Happy or Unhappy Meals? The Conflict between CSPI and McDonald’s

July 9, 2010

This month the Center for Science in the Public Interest (CSPI) announced it would sue McDonald’s over the use of toys in Happy Meals.  The announcement was part of a letter sent to McDonald’s demanding it change its ways.  The toys are said to lure children into a life of unhealthy eating and even obesity.  The toys are deemed “unfair” and “deceptive” advertising that is illegal in many states. 
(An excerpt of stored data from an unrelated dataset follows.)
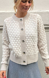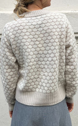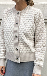 Smukkeste cardigan med et muslingeskals-mønster i beige/lysegrå og hvid. Lavet i en fantastisk blød og lækker blanding af uld og cashmere.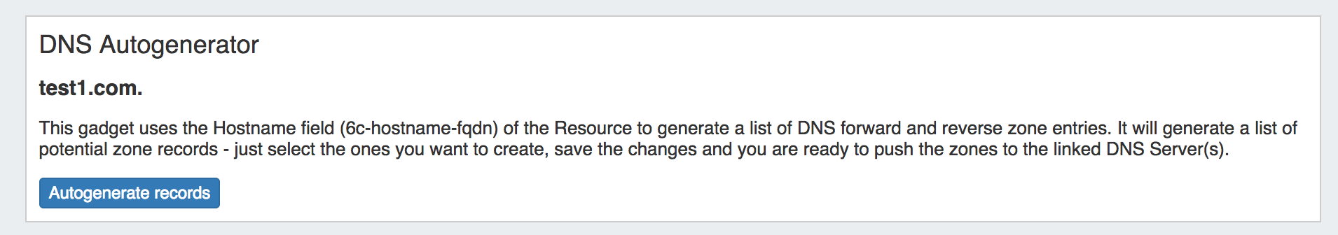 The DNS Autogenerator Gadget uses the Hostname field (6c-hostname-fqdn) of the Resource to generate a list of DNS forward and reverse zone entries based on the blocks assigned to the Resource in the IPAM Gadget It will generate a list of potential zone records - just select the ones you want to create, save the changes and you are ready to push the zones.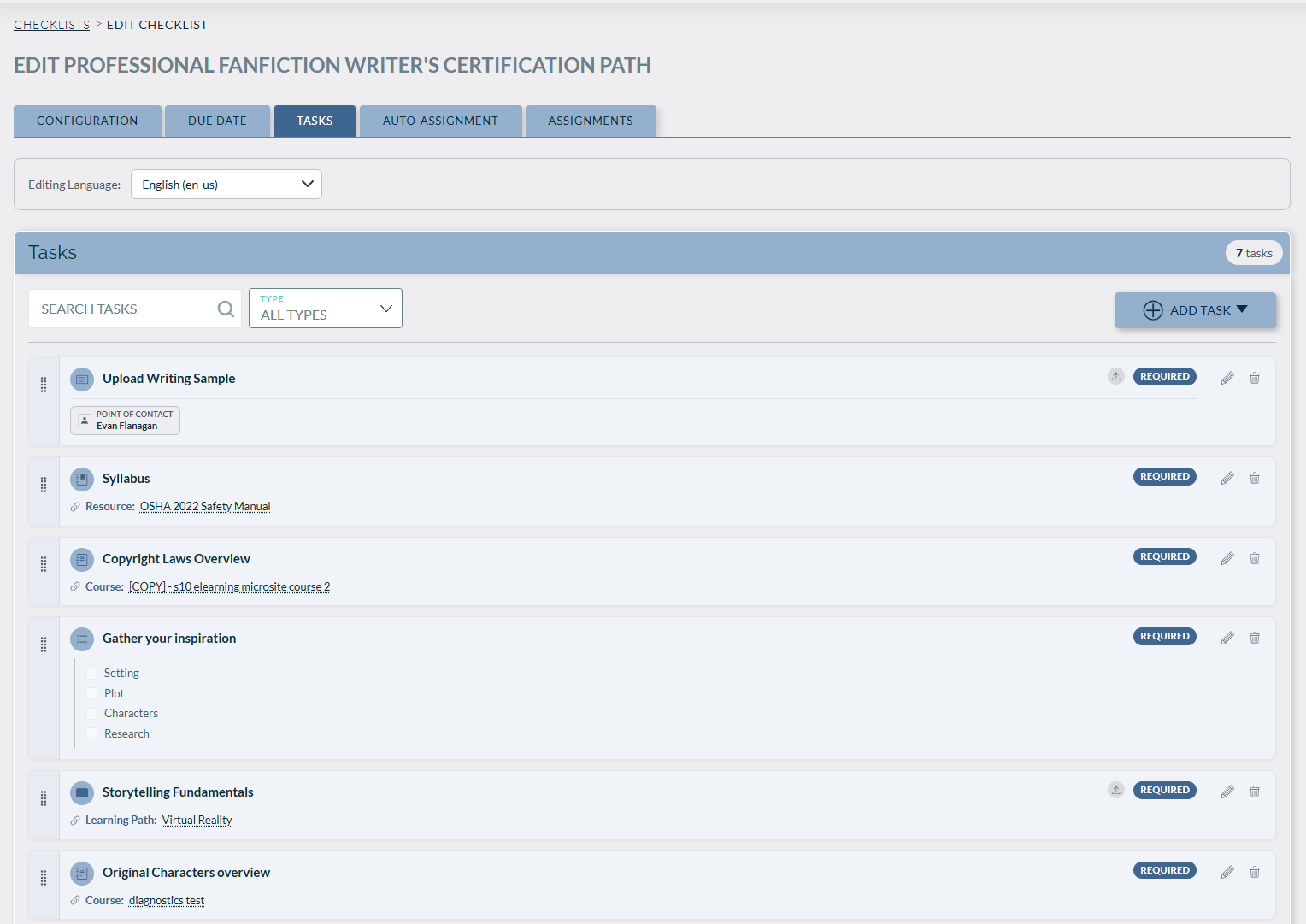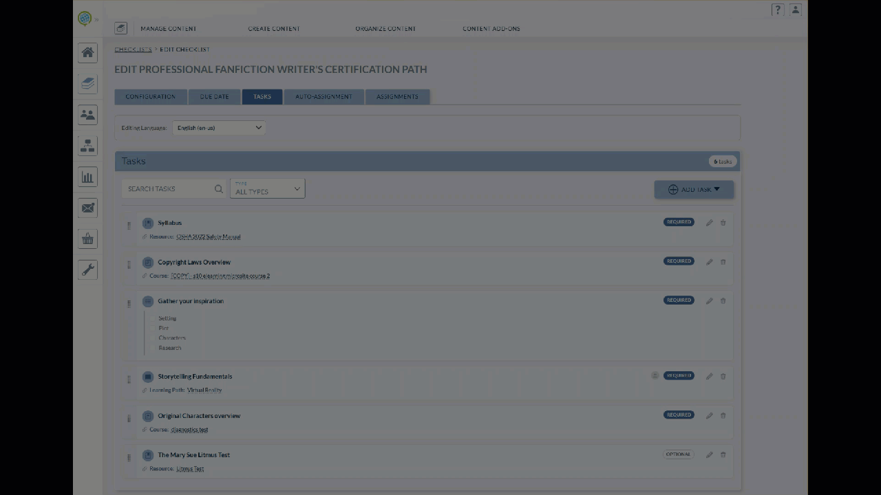 Tasks define the steps learners need to complete. To add tasks:

“McDonald’s is the stranger in the playground handing out candy to children,” said CSPI litigation director Stephen Gardner. “McDonald’s use of toys undercuts parental authority and exploits young children’s developmental immaturity—all this to induce children to prefer foods that may harm their health. It’s a creepy and predatory practice that warrants an injunction.”  http://www.cspinet.org/new/201006221.html

Happy Meal toys have been part of the Beanie Baby fad and have had links to numerous movies, television shows, and cartoons.  The list of toys include Star Wars, Hello Kitty, Spiderman, and Shrek.  These are powerful draws for small children and even some adults.  However, adults should be able to make informed choices about nutrition and health but small children cannot.  Parents argue that cannot ignore the nag factor and give in to demands from their small children for unhealthy Happy Meals.  Even with some healthy options, the Happy Meals are generally unhealthy with fat, sugar, and salt.  In essence, CSPI contents that MacDonald’s socially irresponsible.
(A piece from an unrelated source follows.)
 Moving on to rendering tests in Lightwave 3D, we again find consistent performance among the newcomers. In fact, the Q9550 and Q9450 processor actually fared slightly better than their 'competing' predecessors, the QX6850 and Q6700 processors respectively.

McDonald’s waited a few days then responded strongly to the CSPI threatened lawsuit.  McDonald’s CEO Jim Skinner said “Happy Meals are a fun treat, with right-sized, quality food choices.”  The message was part of a letter written in response to the letter from the CSPI.  McDonald’s maintains that it offers choices to parents including healthy options such as apples and milk. 
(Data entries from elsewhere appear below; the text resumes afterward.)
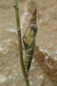 Die Raupe ernährt sich ausschließlich von den Blüten und Früchten ihrer Nahrungspflanzen. Dies sind verschiedene Kreuzblütler wie z. B. Brillenschötchen (Biscutella-spp.), Färber-Waid (Isatis tinctoria) und Hederich (Raphanus raphanistrum). Die frühe Flugzeit, die schnelle Entwicklung und das breite Spektrum von Arten, an welcher die Raupe frisst, erlauben in tieferen Lagen meist die Ausbildung von zwei Generationen. In sehr warmen und trockenen Regionen aber, wo die Pflanzenwelt bereits sehr früh im Jahr verdorrt, wird nur eine ausgebildet. Die Puppe, welche von der letzten Generation abstammt, überwintert. Sind die Bedingungen im nächsten Frühjahr ungünstig, ist es so trocken, dass die Nahrungspflanzen nicht erblühen, kann die Puppe – auch mehrmals – überliegen, also den Falter erst im darauffolgenden Jahr ergeben.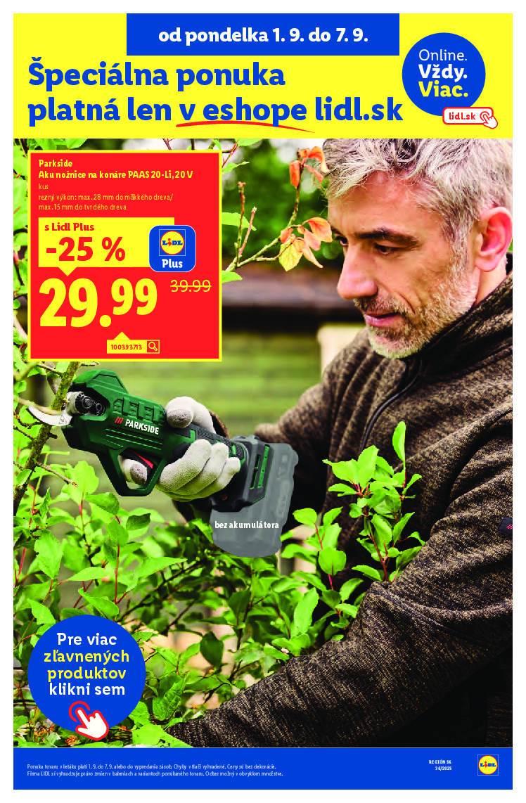 Slovensko Slovensko Lidl.sk od 01.09.2025 Nabídka letáku platí od 01.09.2025 do 07.09.2025 Leták zde ke stažení v pdf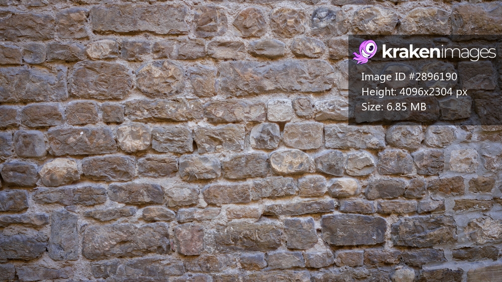 Weathered tan and gray stone brick wall texture, sharp focus, outdoor building facade with visible mortar joints and irregular stones; background backplate copyspace calm. - Kraken Images

“’Walt Riker, McDonald’s vice president of global media relations, said CSPI’s letter crossed the line with their “unprofessional rhetoric and insulting tone.’ The Happy Meal, Riker said, is a popular and positive experience that can be a part of a healthy meal. ‘There are plenty of options and combinations that would fit within a daily diet,’ Riker said, adding that in the U.S., the company advertises a Happy Meal with white-meat nuggets, low-fat milk and apple dippers.” http://chicagobreakingbusiness.com/2010/07/mcdonalds-ceo-stands-up-for-happy-meal-toys.html

As is common, social media has become a part of this lawsuit/health debate.  Angry stakeholders have posted negative comments to the CSPI Facebook page about the lawsuit.  Here is a sample post:

“I do agree with the mission of CSPI, to make our food safer and more nutritious. However, I do not agree with this lawsuit. It is still the job of the parents, not an agency, to protect their children and make healthly choices on their behalf, and to lead them into the future with the tools necessary to make their own choices on nutrition.”  http://www.facebook.com/pages/Center-for-Science-in-the-Public-Interest-CSPI/240937060405?ref=search

There is a concern that the CSPI is going too far and that the lawsuit is frivolous.  People feel there are more important issues for the CSPI to address and that the Happy Meals are really a personal issue for parents and should not involve the courts or government regulation.  http://www.marketwire.com/press-release/Parents-Debate-Center-Science-Public-Interests-Facebook-Page-About-McDonalds-Lawsuit-1282901.htm

Questions to Consider

  1. Are Happy Meals unfairly attracting children to unhealthy food?  Defend your answer.
  2. What merit is there in the CPSI’s actions even if you think they go too far?
  3. How effective do you think the McDonald’s defense is for the issue?  Justify your answer.
  4. What makes this case a public relations concern? 
  5. What does McDonald’s stand to lose in this case?
  6. How is social media helping or hurting McDonald’s in this case?
  7. What are the ethical concerns in this case?